Muchas personas sienten curiosidad por usar frutas o verduras como juguetes sexuales. Entiendo la fascinación: ¡algunos de ellos tienen formas realmente hermosas y de aspecto agradable! También sé que esta puede ser una forma rentable de probar qué tipo de formas y tamaños de juguetes te gustan, especialmente porque puedes tallar estas golosinas como quieras. (¿Tenías los ojos más grandes que la vagina cuando compraste ese pepino gigante? No hay problema, ¡solo bájalo!) Pero si planeas seguir esta ruta, POR FAVOR envuelve el artículo en un condón, como mínimo. Lo protegerá de lo que hay en la superficie del juguete, ya sean texturas ásperas o restos de pesticidas, y disminuirá la probabilidad de que contraiga una infección por atiborrarse de productos. Aprendí por las malas que el envoltorio de plástico en algunas frutas y verduras no es una barrera lo suficientemente buena cuando accidentalmente me rasgué el interior con algunos trozos de plástico que sobresalen pequeños pero afilados en la envoltura de un pepino. Simplemente quite el plástico y reemplácelo con un condón. ¡Y cambie el condón cada vez que reutilice su “juguete” a partir de entonces, por favor!

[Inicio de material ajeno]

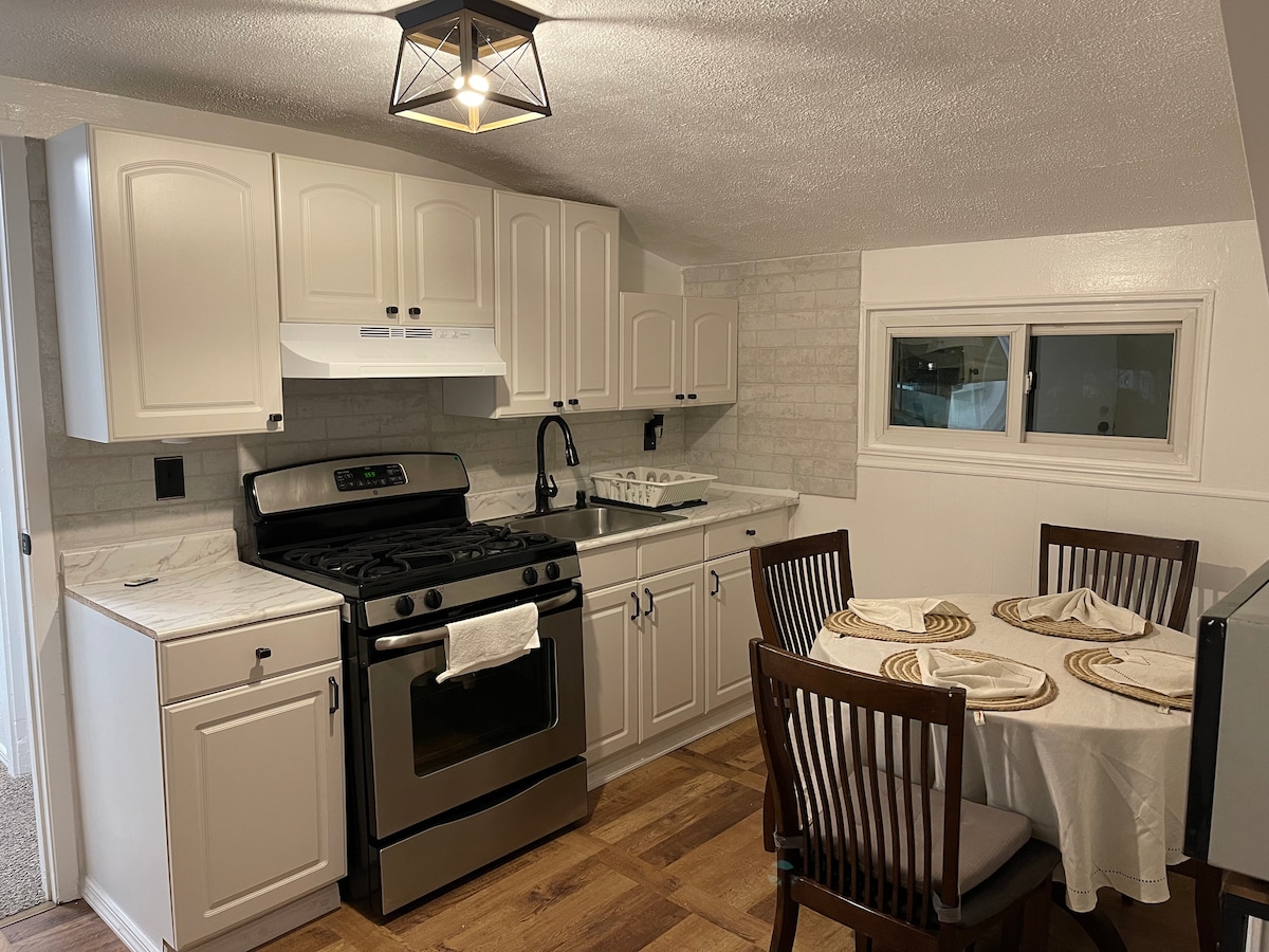 Perfekt for enslige reisende eller par. Dette nye, koselige studioet er en del av et større hjem, men helt selvstendig med egen inngang. Inne finner du: - En komfortabel stue med en uttrekkbar enkeltseng og sitteplasser - et kjøkken med basisartikler for lett matlaging - et privat bad med dusj, håndklær og toalettartikler - trådløst nettverk med høy hastighet og flatskjerm-TV Selv om stedet ditt er tilknyttet hjemmet vårt, er stedet ditt privat. Beliggende i et rolig nabolag i nærheten av attraksjoner, restauranter og transport.

“Ponle un condón” es un buen consejo para una amplia variedad de objetos que podrías meter dentro de ti. Dado que incluso el real juguete sexual La industria no está regulada, por lo que no todos los productos que contiene son realmente seguros para el cuerpo, los objetos que no están hechos para ese uso son aún más riesgosos. Ya sea que esté usando una botella de champú, un cepillo de dientes eléctrico o cualquier otra cosa, repita después de mí: ¡Ponle un condón!

Hablando de electricidad … Cuando se trata de poner aparatos electrónicos dentro de ti, di que no. Los cepillos de dientes son un ejemplo extraño porque tienen que ser resistentes a la humedad debido a la naturaleza de lo que hacen, pero incluso ellos probablemente sean más seguros de usar solo externamente, no internamente. ¡No querrás arruinar tu zumbido (o tus genitales) al golpearte accidentalmente a mitad de una paja!

Además, es mi responsabilidad como educadora sexual decirte que no debes meterte nada en el culo que no tenga una base acampanada. (Google “tapón anal de base acampanada” si necesita una ayuda visual). Por lo general, tampoco recomendaría poner nada “improvisado” en su trasero, porque esa área es más sensible y se daña más fácilmente que, por ejemplo, una vagina o un pene, y no vale la pena el riesgo, en mi opinión.

Finalmente, no se joda con ningún artículo que usen otras personas en su hogar, a menos que tenga su consentimiento explícito para hacerlo. No importa qué tan limpio lo quede después de usarlo; sigue siendo una violación del consentimiento y potencialmente un peligro para la salud y la seguridad para otras personas que podrían encontrar ese objeto en su hogar más adelante.